1:1 or less is a good ratio, for noobs

but i have seen it go as high as 1:5 for careless noobs ;-)

in a large system from several years ago where things like this were carefully measured, i had 5000:1 (library and framework code), the average was 200:1 (application code); the in-house prima donna had 50:1 (utility code).

I carefully designed everything in advance including automated tests (because the library and framework were complicated!), the average guys banged out app code and tested manually, and the prima donna coded like the wind without designing anything first. Each section was around 50KLoC when completed.

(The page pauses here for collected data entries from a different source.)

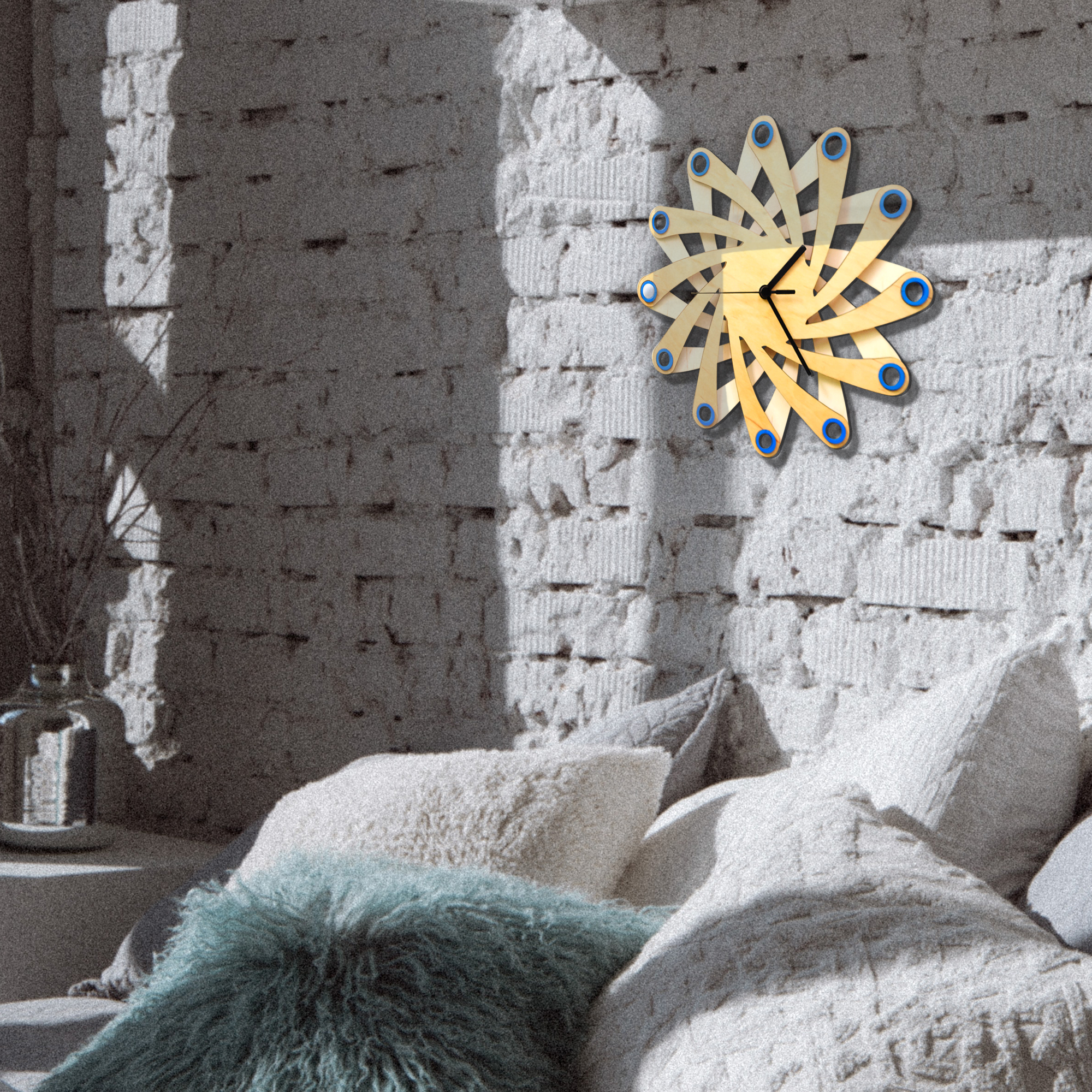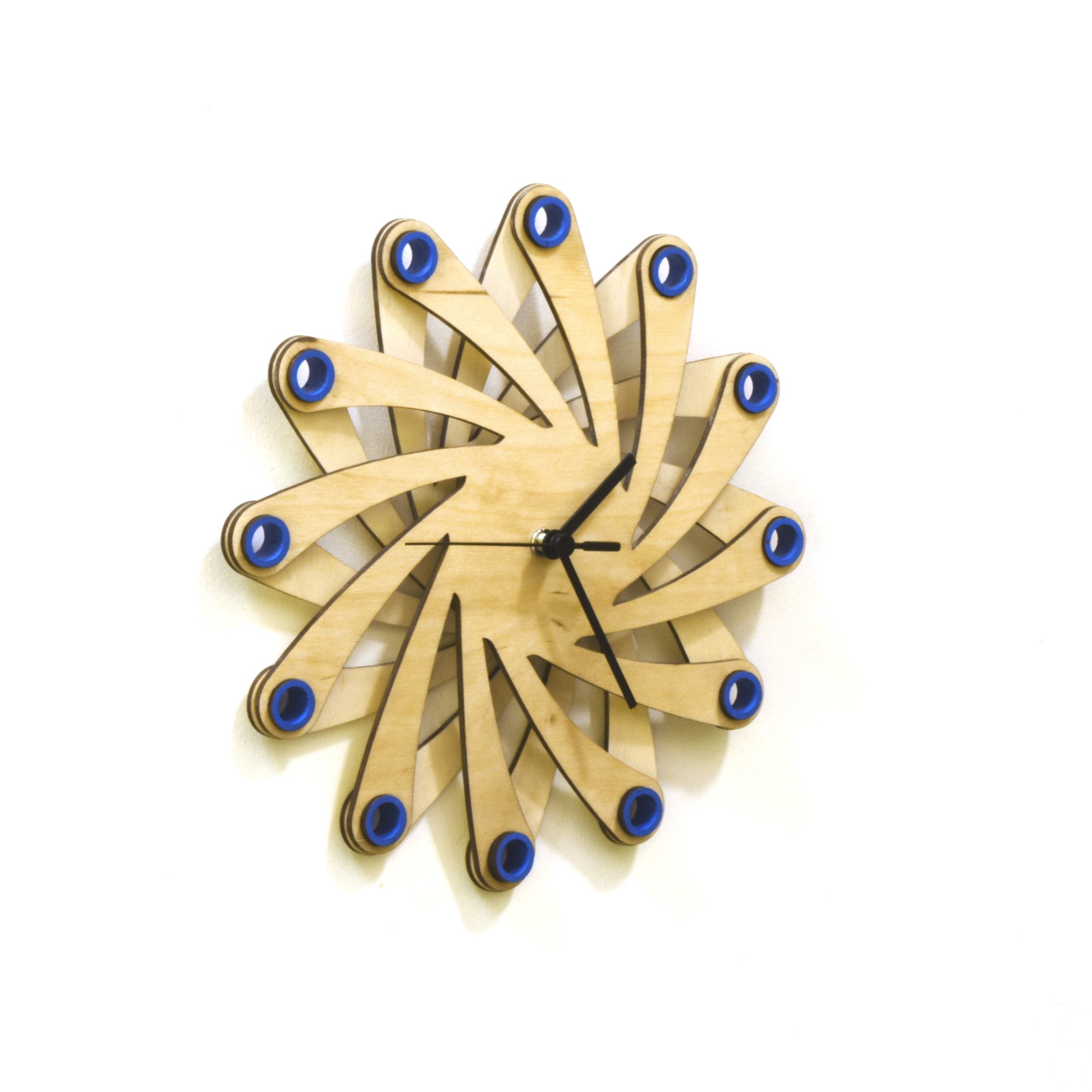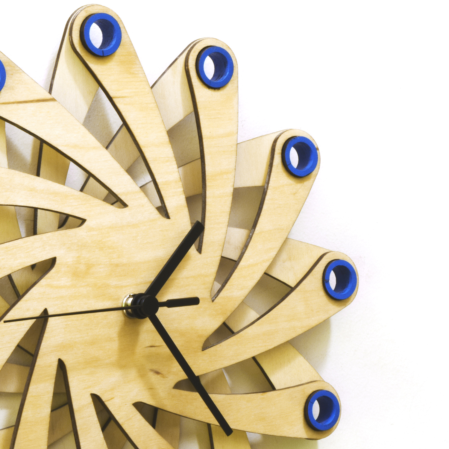 - Manufacturing process: the dial of this particular clock is laser cut from 2 layers of 4mm birch plywood board, the finishing (polishing) is made by hand. The 12 small rings around the perimeter are painted blue, while the surface is oiled with flax. No glue is used while assembling the elements.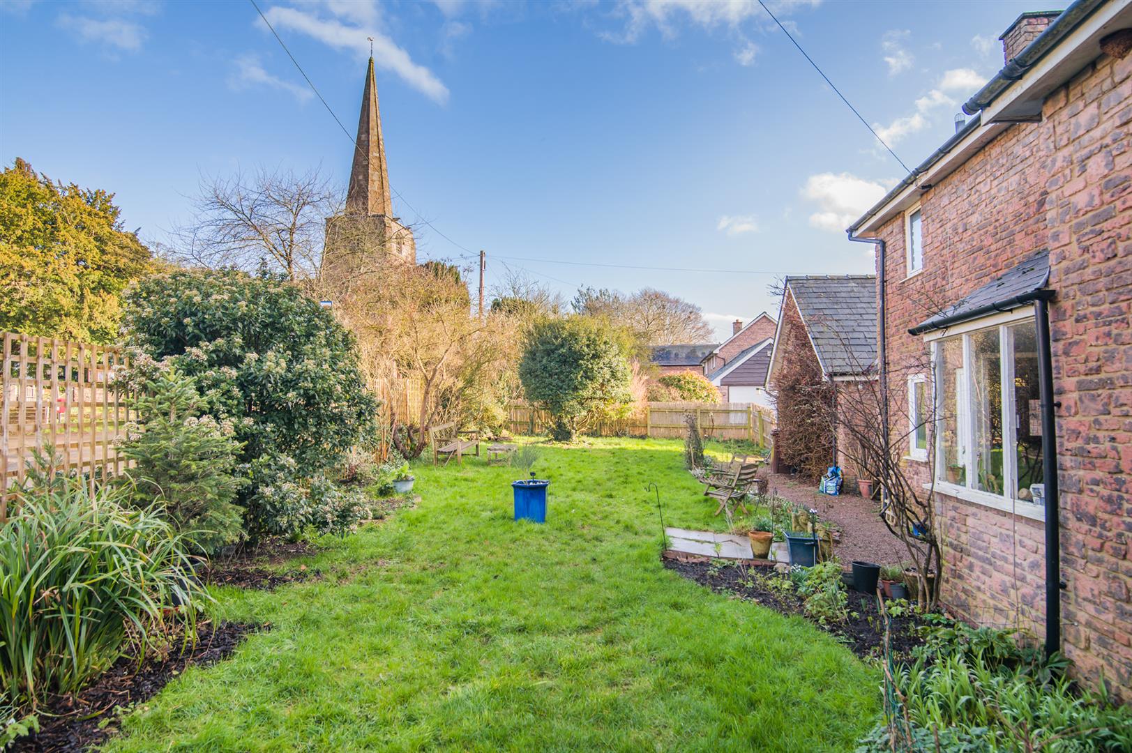 The garden of the property is mostly to the front, which has a lawned area with mature flower borders, low level stone walling and a lovely aspect out to Linton Church. The property really is in the heart of the village. The garden then wraps around the side of the property to the rear and is fully dog proof fenced with new trellis fencing.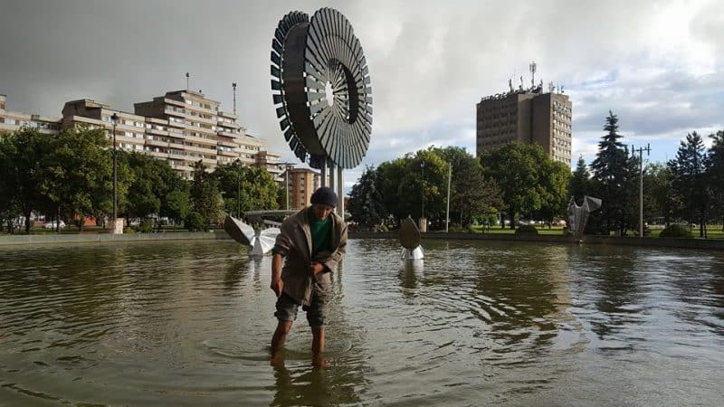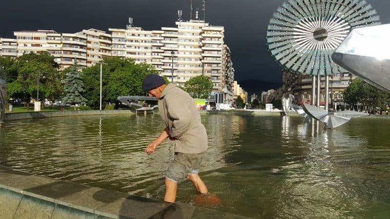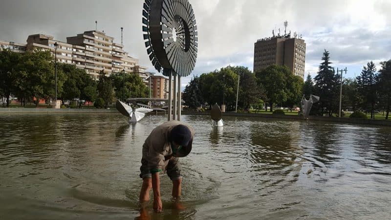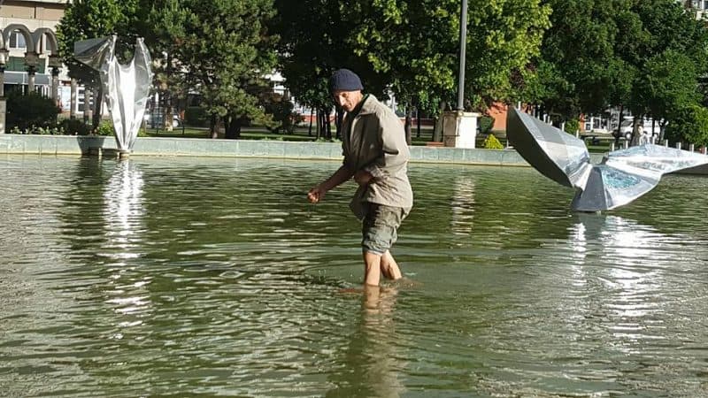 Dis de dimineață cu pantalonii suflecați până peste genunchi, un bărbat din Sebeș pe nume Nicu după spusele trecătorilor, s-a apucat de căutat bănuți prin fântâna arteziană din Parcul Unirii.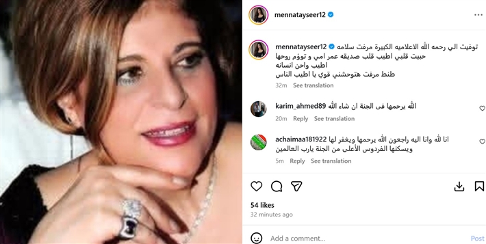 منة بدر تيسير تعلن وفاة ميرفت سلامة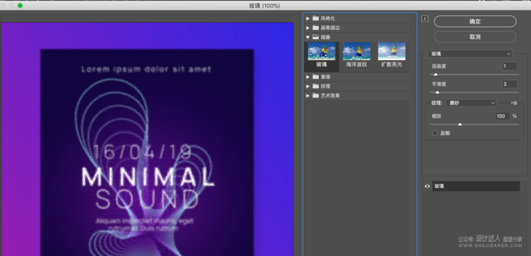 Step 5. 滤镜 → 滤镜库 → 扭曲>玻璃 (参数不要照搬,看自己的海报效果来调整)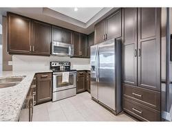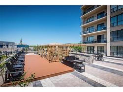 Welcome to RiverHouse, one of downtown Guelph's most sought-after condominium residences. This stylish turnkey suite pairs luxury finishes with an urban lifestyle just steps from the GO station, Sleeman Centre, Speed River and the city's best shops, dining, and downtown amenities. Inside, the open-concept layout is bright and inviting, with large windows and a private balcony showcasing panoramic city views. The kitchen features rich espresso cabinetry, granite countertops, stainless steel appliances, and an island with bar seating that flows seamlessly into the living and dining area. The living room offers elegant crown moulding, a fireplace feature, and sliding doors to the balcony - an ideal space for morning coffee or relaxing above the city. Both bedrooms are generously sized, with the primary suite offering floor-to-ceiling windows, a walk-in closet, and a spa-like ensuite with a glass-enclosed shower and stone vanity. A second full bathroom with a frameless glass shower serves guests and the secondary bedroom. Additional highlights include in-suite laundry, 2 underground parking spaces with an EV rough-in set up for future installation and a storage locker. RiverHouse provides a refined lifestyle with amenities such as a fitness centre, party room equipped with a bar/lounge, large outdoor terrace, and guest suite, all within a secure and well-managed building. A rare opportunity to experience upscale condominium living in the heart of Guelph's vibrant downtown core. All furniture can be purchased, see realtor remarks for further details.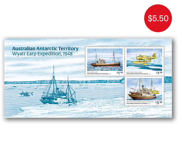 The AAT: Wyatt Earp Expedition, 1948 minisheet consists of the three stamps from the issue incorporated into a miniature stamp sheet.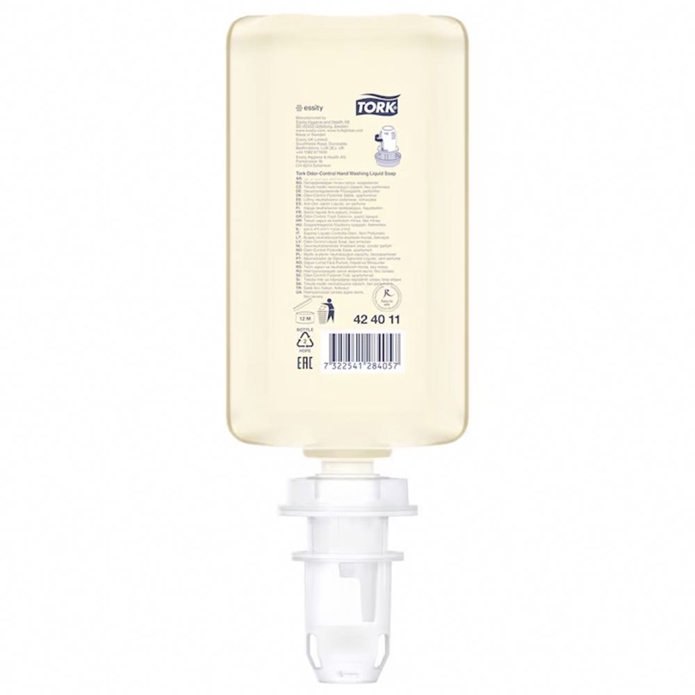 Tork Odor Control er en flydende køkkensæbe uden farve og parfume, formuleret til at hjælpe med at fjerne fedt og madlugt fra hænderne i professionelle køkkener.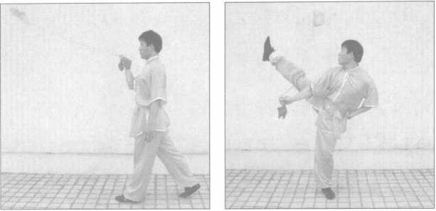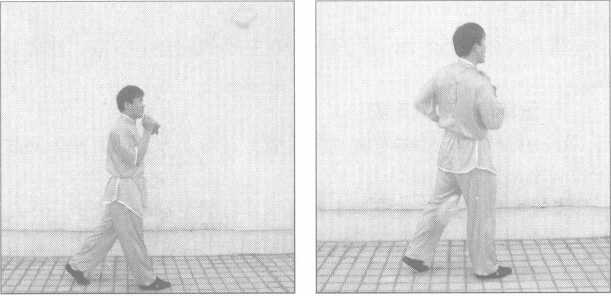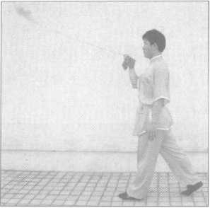 ③右腿向左平摆约35度,使鞭由后向上经腿外侧绕至前方 (图5-46)。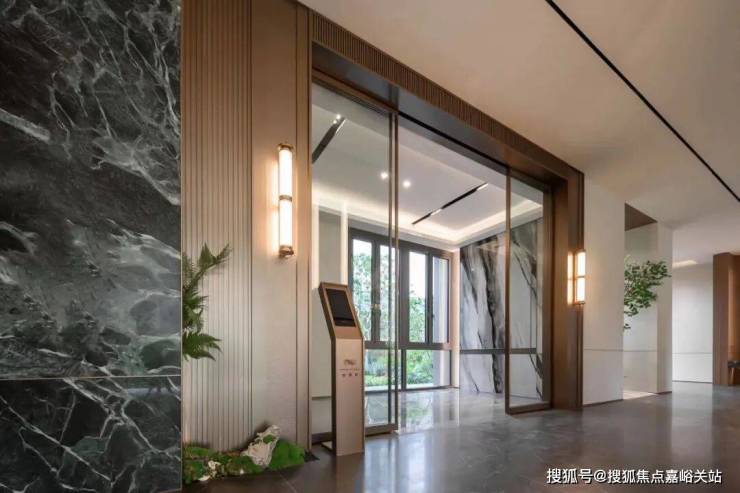 雅奢酒店式的入户大堂,巴西银河星空奢石景墙与入口仪式水景,将闲适的生活体验与高品质的追求融合一体。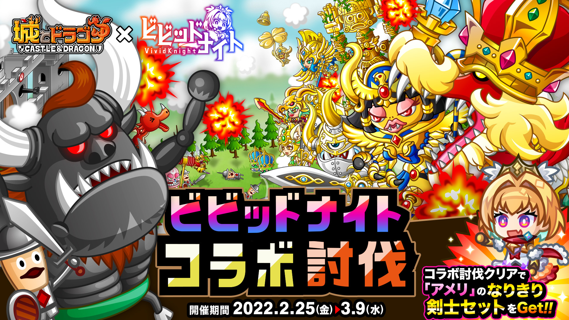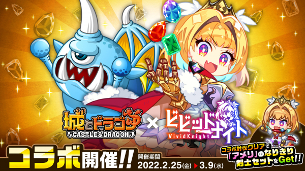 株式会社アソビズム(本社:東京都千代田区、代表取締役:大手智之)は、App Store・Google Playにて配信中の『城とドラゴン』で、iOS/Android版『ビビッドナイト』配信記念コラボを2022年2月25日(金)より開催します。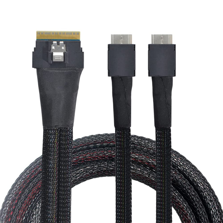 NFHK PCI-E Ultraport Slimline SAS Slim 4.0 SFF-8654 8i 74pin auf Dual Oculink SFF-8611 Kabel 50cm PC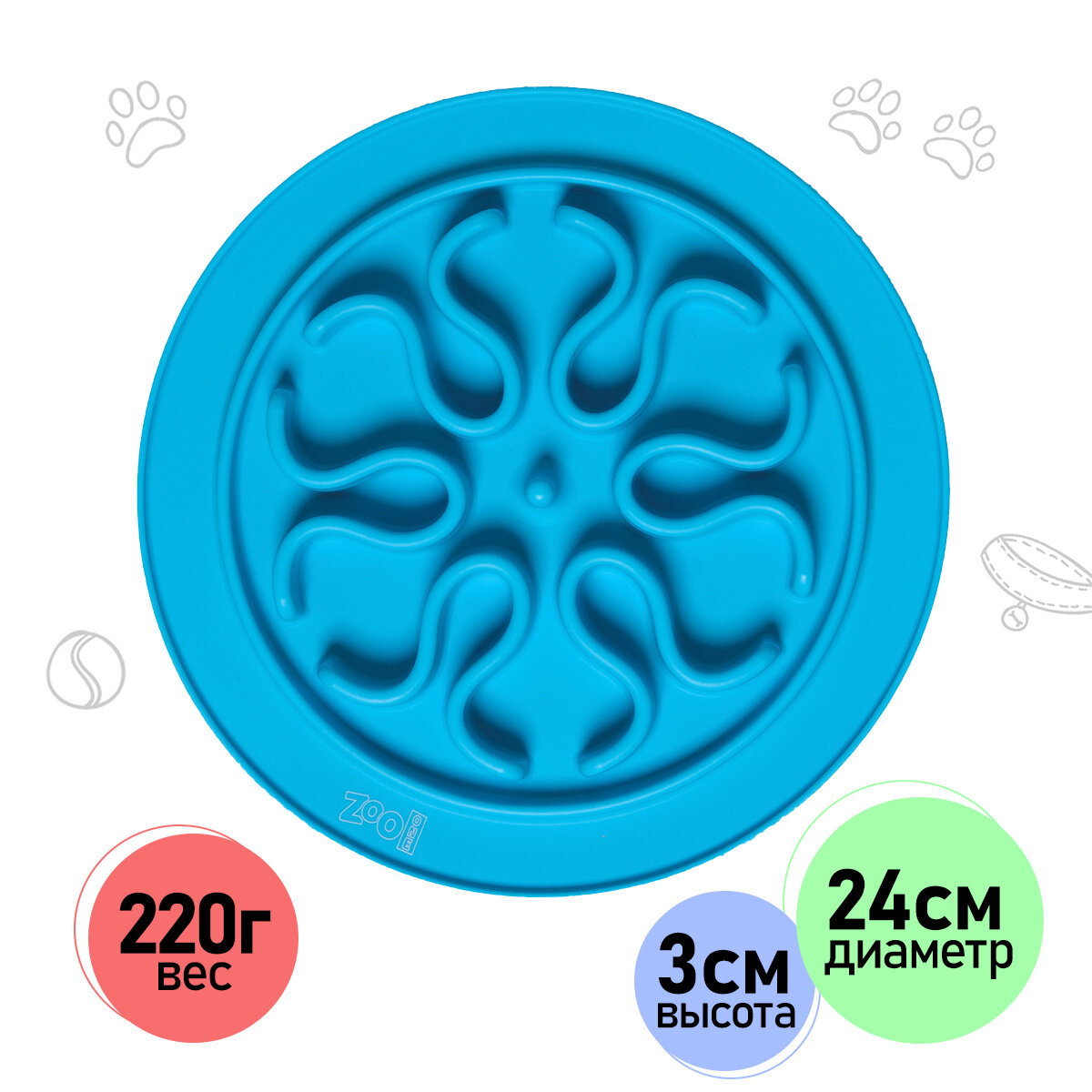 Миска силиконовая для собак и кошек Zoo One, рельефная (волны), игровая, для медленного поедания корма, 24 см, голубая, 21003 информация:

i got laid off, the prima donna went to work for Microsoft, and the average guys got promoted!

Steven A. Lowe
A: 

It depends on the code. It's a lot easier to write some code than others. I have a video game I made that's around 15k lines of C, and it is remarkably stable and has a very low rate of bugs, despite some complexity. Professionally, I also work on some linux driver code, considerably fewer lines than 15k though. It is a lot harder to write bug free driver code for a few reason: the code has to fit into a much larger, more complex framework (the kernel) and the code has to also work with a lot of different kernels that various distributions ship. So, for my stupid little video game it was relatively easy to write 15k lines of C, almost completely bug free, but very hard to write, say, 500 lines of driver code bug free (as I've experienced painfully this last month.)

So, it depends. There's no simple answer to this.